*Data for this exercise*:

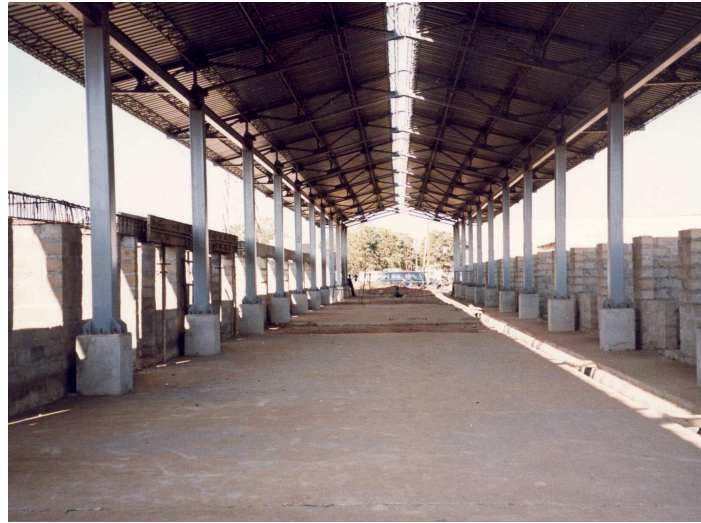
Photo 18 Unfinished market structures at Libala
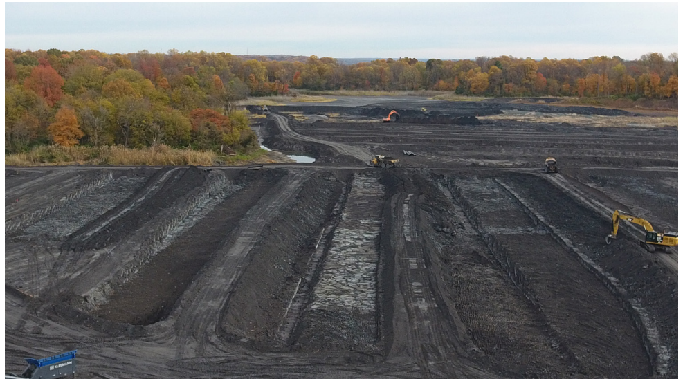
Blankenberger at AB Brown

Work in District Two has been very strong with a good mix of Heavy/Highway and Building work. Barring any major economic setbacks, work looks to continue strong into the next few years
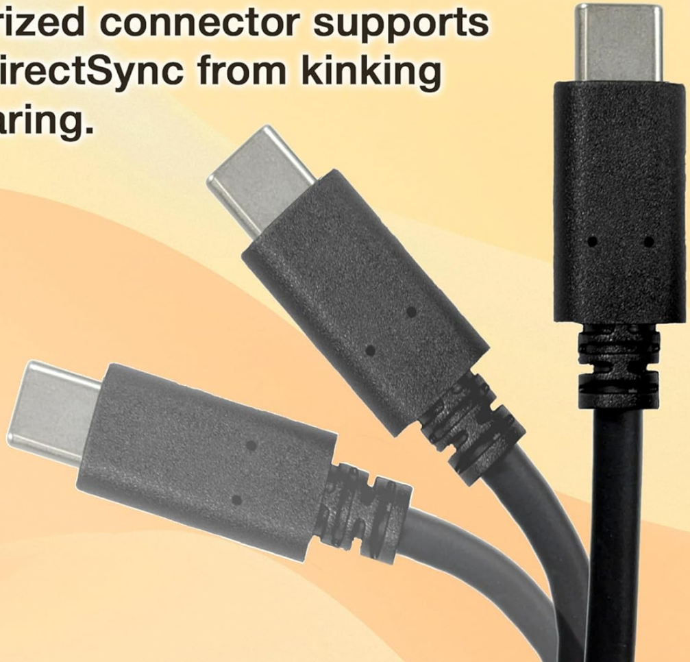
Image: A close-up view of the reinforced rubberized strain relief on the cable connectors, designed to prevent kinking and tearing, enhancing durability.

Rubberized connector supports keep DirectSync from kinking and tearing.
---
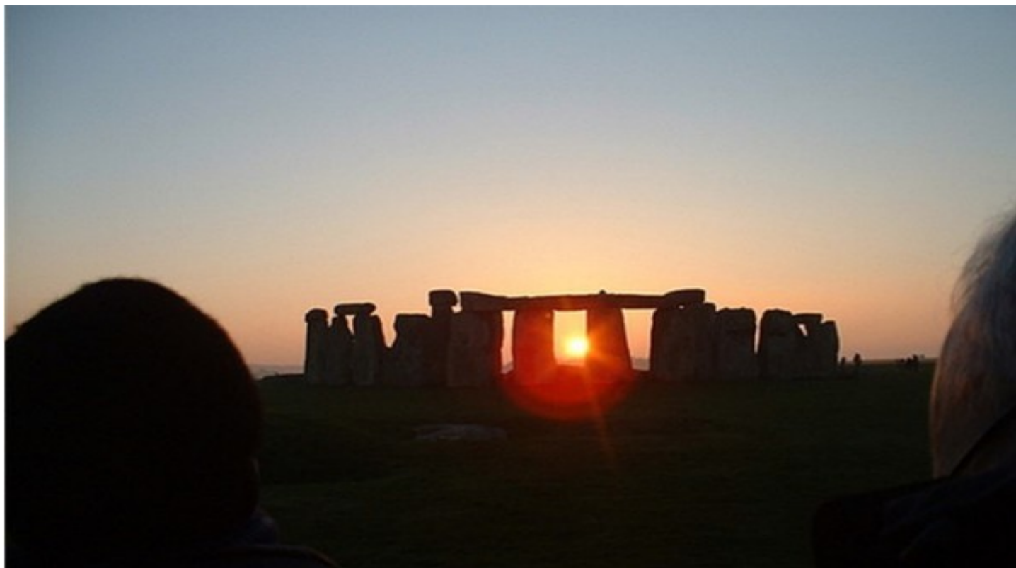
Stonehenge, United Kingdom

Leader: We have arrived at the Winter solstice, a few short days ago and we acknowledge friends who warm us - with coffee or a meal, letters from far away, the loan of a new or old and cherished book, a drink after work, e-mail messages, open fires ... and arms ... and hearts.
--
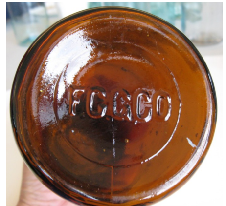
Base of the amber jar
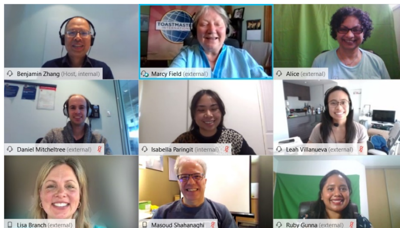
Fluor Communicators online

*What you are asked to do*: The stretch above running from the line with "Photo 18 Unfinished" through the line with "Rubberized connector supports" is all you should copy, exactly, leaving out the pictures.

*Result of the exercise*:
Photo 18 Unfinished market structures at Libala
Blankenberger at AB Brown

Work in District Two has been very strong with a good mix of Heavy/Highway and Building work. Barring any major economic setbacks, work looks to continue strong into the next few years
Image: A close-up view of the reinforced rubberized strain relief on the cable connectors, designed to prevent kinking and tearing, enhancing durability.

Rubberized connector supports keep DirectSync from kinking and tearing.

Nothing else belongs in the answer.